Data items
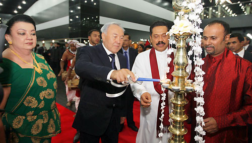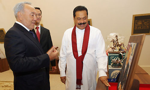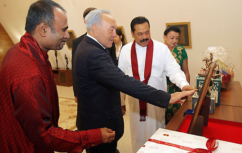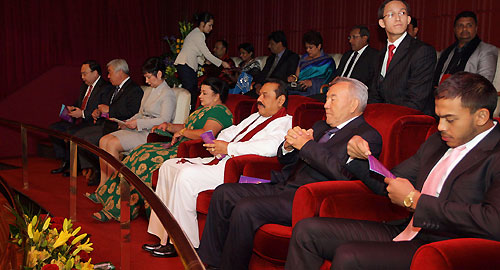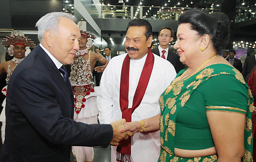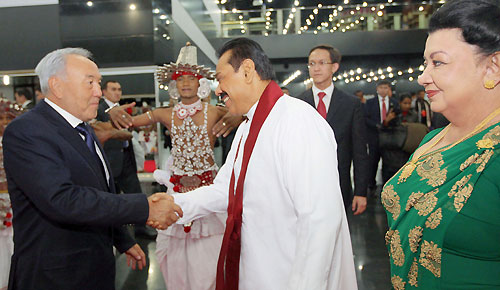 The two leaders discussed on problems of political, commercial and economic cooperation and ways of further improving trade-economic cooperation, scientific-technical, cultural-humanitarian partnership and tourism between the two countries. "Official visit of Sri Lanka's President will create a platform for the open exchange of the views on a wide range of regional and global issues and the basis for further cooperation. Two countries have a good opportunity to get to know each other better and enjoy good relations of confidence and mutual understanding. This meeting will give a new impetus to cooperation between our states in various spheres- economy, politics, and culture “President Nazarbayev said. Kazakhstan President Nazarbayev also assured his Sri Lankan counterpart that his country would stand by Sri Lanka against international pressures and pointed out that Sri Lanka should look for home grown solutions in dealing with its internal problems. He further pledged his country’s wholehearted support towards Sri Lanka’s post conflict development, during discussions. The two leaders also discussed on the possibility of increasing direct flights between the two countries to strengthen the tourism flow in to Sri Lanka and open new avenues for trade and investments. During discussions while Kazakhstan voiced interest in buying Sri Lanka tea, in return Sri Lanka showed interest in purchasing gas and fuel from Kazakhstan. During the meeting the Sri Lankan President extended an invitation to President Nazarbayev to visit Sri Lanka. Celebrating the event a special cultural festival to mark the 20th anniversary of establishing diplomatic relations between Sri Lanka and Kazakhstan was held at the Astana Palace of Peace and Reconciliation at Astana city to coincide with President Rajapaksa’s official visit to Kazakhstan. The Sri Lankan Embassy in Russia also organized a Sri Lankan Culture Day with a dance troupe performance and "Beauties of Sri Lanka” photo exhibition as part of the event at the same venue. President Rajapaksa and President Nazarbayev of Kazakhstan attended the dance concert presented by the Sri Lankan and Kazakhstan artists at the Astana Palace and declared open the photo exhibition in the evening. The "Beauties of Sri Lanka" exhibition is dedicated to the political, social and economic transformation that took place in Sri Lanka after defeating thirty years of terrorism. The expo aiming to promote tourism showcases Sri Lankan culture and beautiful landscapes. President Rajapaksa will also meet the Prime Minister, the Speaker and several senior Ministers of Kazakhstan during his stay. Both countries are set to sign several agreements to further expand bilateral cooperation in the fields of economic, social and cultural relations. Sri Lankan ambassador for Russia Udayanga Weeratunga who is also accredited to the Republic of Kazakhstan coordinated President Rakapaksa’s visit to Kazakhstan. President Rajapaksa was accompanied by First Lady Shiranthi Rajapaksa, External Affairs Minister, Prof G.L. Peiris, Uva Province Chief Minister Sashendra Rajapaksa, Monitoring MP Sajin de Vass Gunawardena and Secretary to the President Lalith Weeratunga. Pix by: Sudath Silva
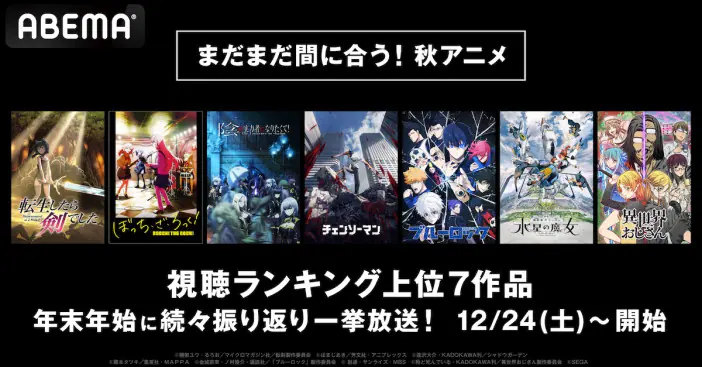 ABEMAにて2022年12月24日から年末年始にかけて、人気ランキング上位の2022年秋アニメ全7作品が一挙放送される。 …
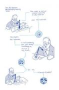 My thesis is a collection of comics, but the main project is a comic on understanding the internet. The idea behind it is that we talk a lot about the problems with the internet—issues regarding net neutrality, cyberwarfare, privacy, and surveillance—without actually understanding what the internet is or how it works. We use all sorts of contradictory metaphors to describe the internet—clouds and tubes and streams—when really it’s made out of physical, commercially owned wires running through buildings and underground and under the ocean. The comic weaves in the colonial history of the telegraph cable and 1960s military computers to provide a bit of context for what the internet is and how it got here. I’ve had CCS alum Andy Warner ′12 as my thesis advisor, and he’s been an amazing support throughout the process.
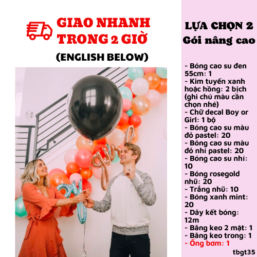- Khách ở HCM có thể gọi/chat với Shop khi có yêu cầu bơm khí helium bay.
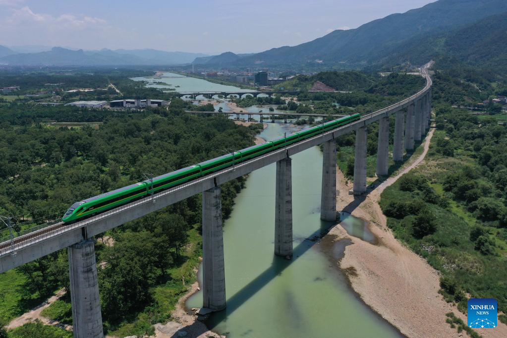 Aerial photo taken on June 25, 2021 shows a bullet train running through a bridge on Jinhua-Taizhou Railway in east China's Zhejiang Province.(Xinhua/Huang Zongzhi)
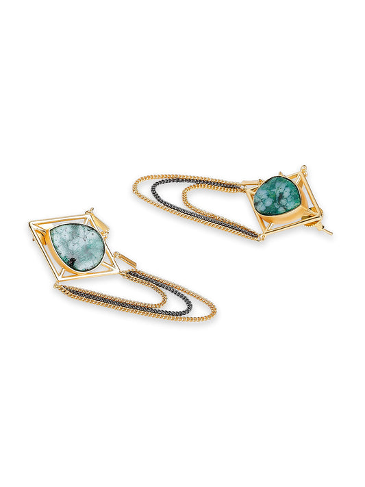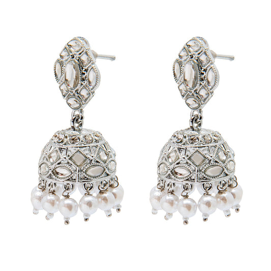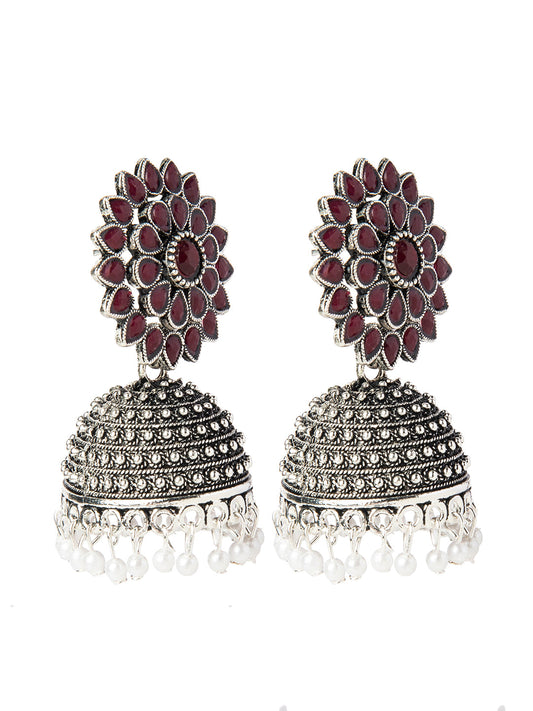 Traditional Indian Matte Silver Oxidised CZ Crystal Studd...
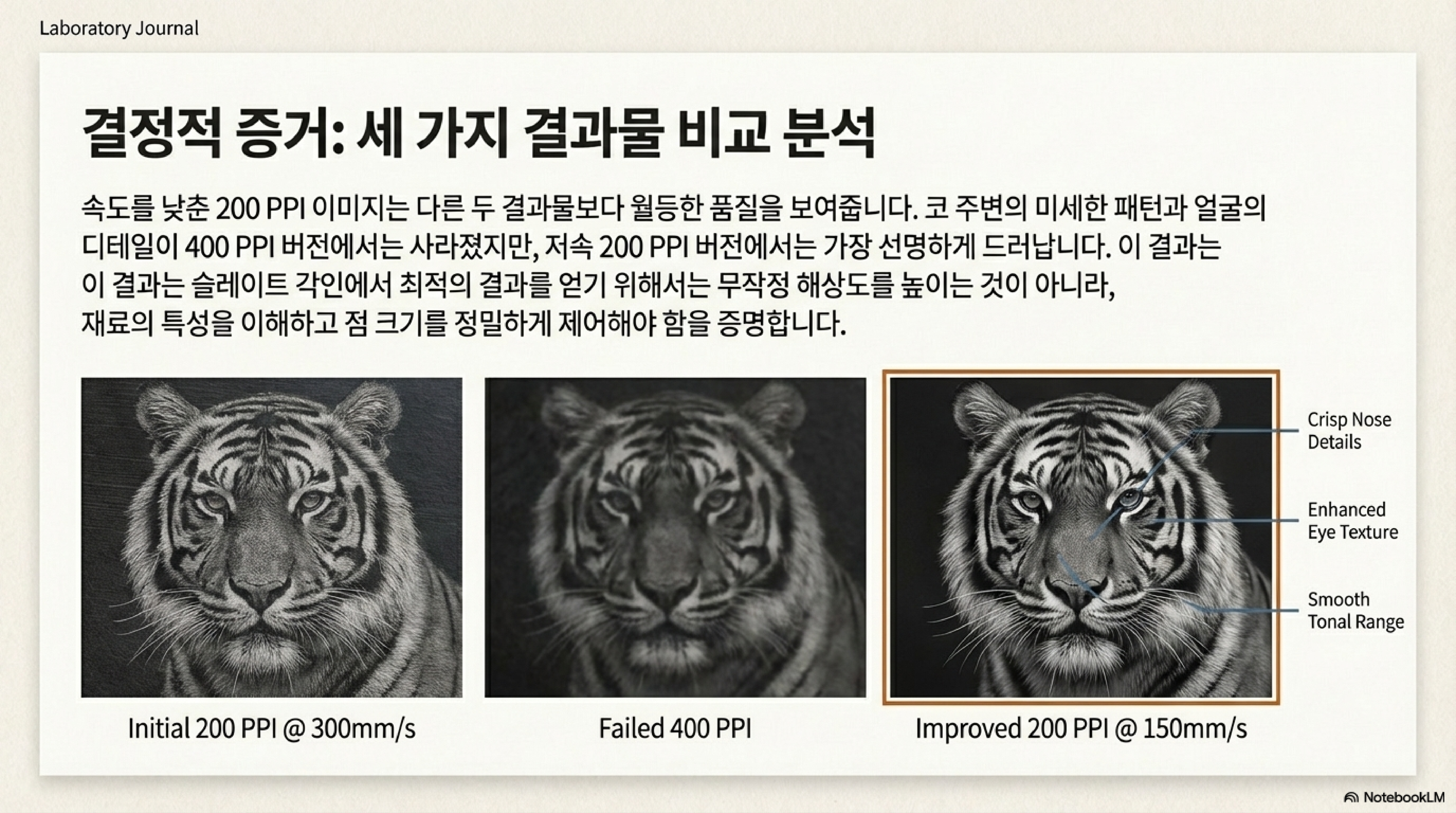 결과는 완벽했습니다. 속도를 늦추자 점의 크기가 커지면서 라인 사이의 간격이 메워졌고, 이전에는 보이지 않던 호랑이 코 위의 섬세한 무늬 같은 디테일이 선명하게 드러났습니다.

§ THE PROBLEM: Drop the pictures; return the lines above from the line containing "ABEMAにて2022年12" to the line containing "Traditional Indian Matte", both included, exactly.

§ ANSWER TO THE EXERCISE:
 ABEMAにて2022年12月24日から年末年始にかけて、人気ランキング上位の2022年秋アニメ全7作品が一挙放送される。 …
 My thesis is a collection of comics, but the main project is a comic on understanding the internet. The idea behind it is that we talk a lot about the problems with the internet—issues regarding net neutrality, cyberwarfare, privacy, and surveillance—without actually understanding what the internet is or how it works. We use all sorts of contradictory metaphors to describe the internet—clouds and tubes and streams—when really it’s made out of physical, commercially owned wires running through buildings and underground and under the ocean. The comic weaves in the colonial history of the telegraph cable and 1960s military computers to provide a bit of context for what the internet is and how it got here. I’ve had CCS alum Andy Warner ′12 as my thesis advisor, and he’s been an amazing support throughout the process.
- Khách ở HCM có thể gọi/chat với Shop khi có yêu cầu bơm khí helium bay.
 Aerial photo taken on June 25, 2021 shows a bullet train running through a bridge on Jinhua-Taizhou Railway in east China's Zhejiang Province.(Xinhua/Huang Zongzhi)
 Traditional Indian Matte Silver Oxidised CZ Crystal Studd...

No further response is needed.